Approximately 23,000 women and 15,793 men in the United States are affected by human papilloma virus (HPV)
related cancers. Many of the infections could have been prevented through vaccination [2]. The CDC has
recommended a 3-dose vaccination series as a safe and effective method of protecting against HPV strains
associated with cervical and other cancers for girls since June 2006 and for males since October 2011. However,
vaccination rates remain low. Strengthening uptake efforts is a preeminent national public health concern, as
demonstrated by the Healthy People 2020 objective to increase HPV three-doses vaccination series completion for
adolescents aged 13–15 to 80% by the year 2020. In order to promote HPV vaccination through public health
communication efforts, the mechanisms in which individuals utilize resources related to health information must be
identified and understood.
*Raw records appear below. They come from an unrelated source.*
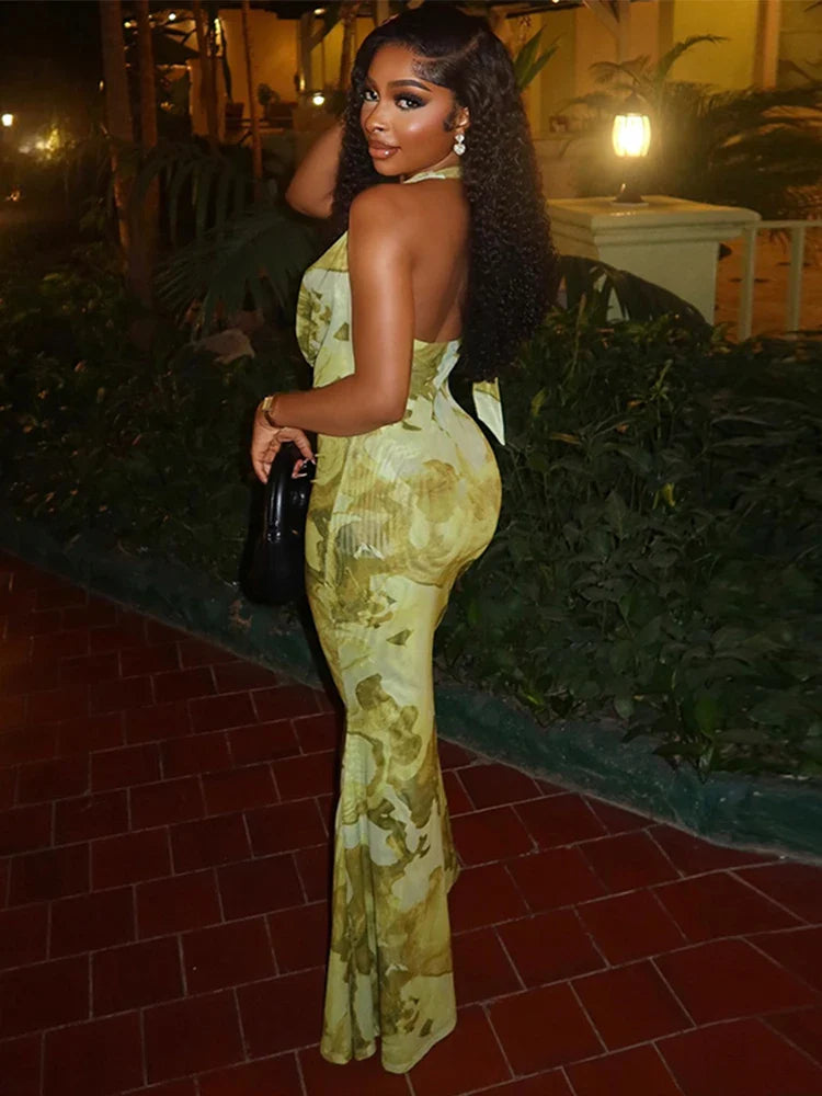 Women's Halter Maxi Dress with Artistic Print and Draped Neckline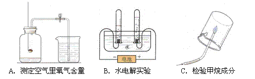 A、B、C都是研究物質(zhì)組成的實(shí)驗(yàn)。從研究方法得知,A實(shí)驗(yàn)是利用可燃物消耗瓶?jī)?nèi)的 ① ,使瓶?jī)?nèi)壓強(qiáng)減小來推測(cè)空氣里氧氣含量的。B實(shí)驗(yàn)是通過證明生成物的 ② 來推斷水的組成的。而C實(shí)驗(yàn)與 ③ (填實(shí)驗(yàn)代號(hào))實(shí)驗(yàn)的方法相同。
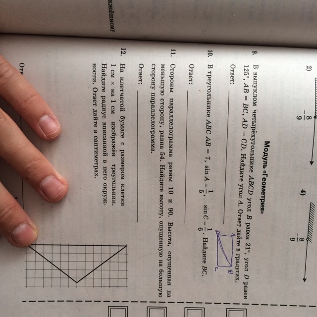 ВК=площадь/АД=540/90=6 -высота на большую сторону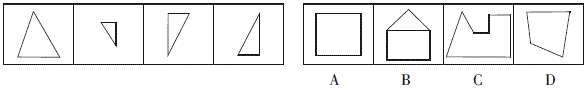 题干第三个与第四个图形组成一个正长方形,第二个图形与长方形组合后再与第一个图形组合可得到C。如图所示:[img]/upload/tiku/289/9761556_1.gif[/img]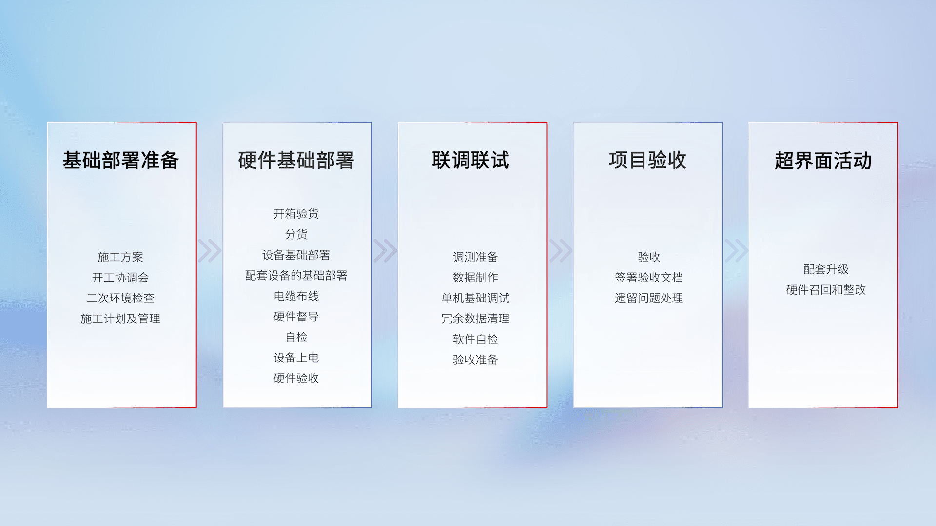 从基础部署准备、、硬件基础部署、、、联调联试、、、、项目验收、、越界面活动的全过程可追溯,,,保证施工质量和进度。。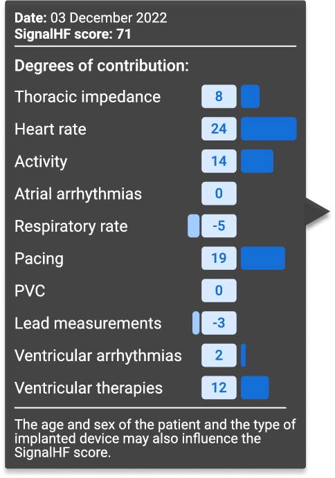 The SignalHF HF Score is intended to calculate the risk of HF for a patient in the next 30 days. This System is intended for adjunctive use with other physiological vital signs and patient symptoms and information and is not intended to independently direct therapy. See the instructions for use for more information. SignalHF is not available for sale in Europe.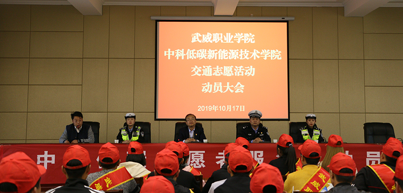 為進(jìn)一步助力全國文明城市創(chuàng)建,10月17日下午武威職業(yè)學(xué)院中科低碳新能源技術(shù)學(xué)院在行樹樓報告廳召開交通志愿活動動員大會。武威市涼州區(qū)公安局交警大隊副隊長趙國權(quán),宣傳中隊馬靜、明如霞;武威職業(yè)學(xué)院能源工程系黨總支書記黃文源,中科低碳新能源技術(shù)學(xué)院輔導(dǎo)員付江鵬及中科低碳新能源技術(shù)學(xué)院志愿者服務(wù)隊全體成員參加了此次會議。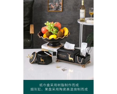 輕奢荷葉果盤--黑色三件套(送牙簽筒、燙金墊) (NT2,410)

Surveillance of social media data can provide an alternative approach to observe patterns
of information dissemination and knowledge exchange as related to HPV vaccination behaviors [1]. Understanding
extant online discussions on HPV vaccination is pivotal in developing concerted, tailored health communication
efforts to enhance HPV vaccination rates. There is a growing number of studies contributing to the literature
addressing the nexus of HPV and social media data, but to date, no published study has examined Reddit content
related to HPV vaccination.

We seek to observe the following trends using Reddit messages: (1) how the HPV vaccine is characterized on
Reddit— cancer risk vs. sexual behavior concerns; (2) how these discussions change over time.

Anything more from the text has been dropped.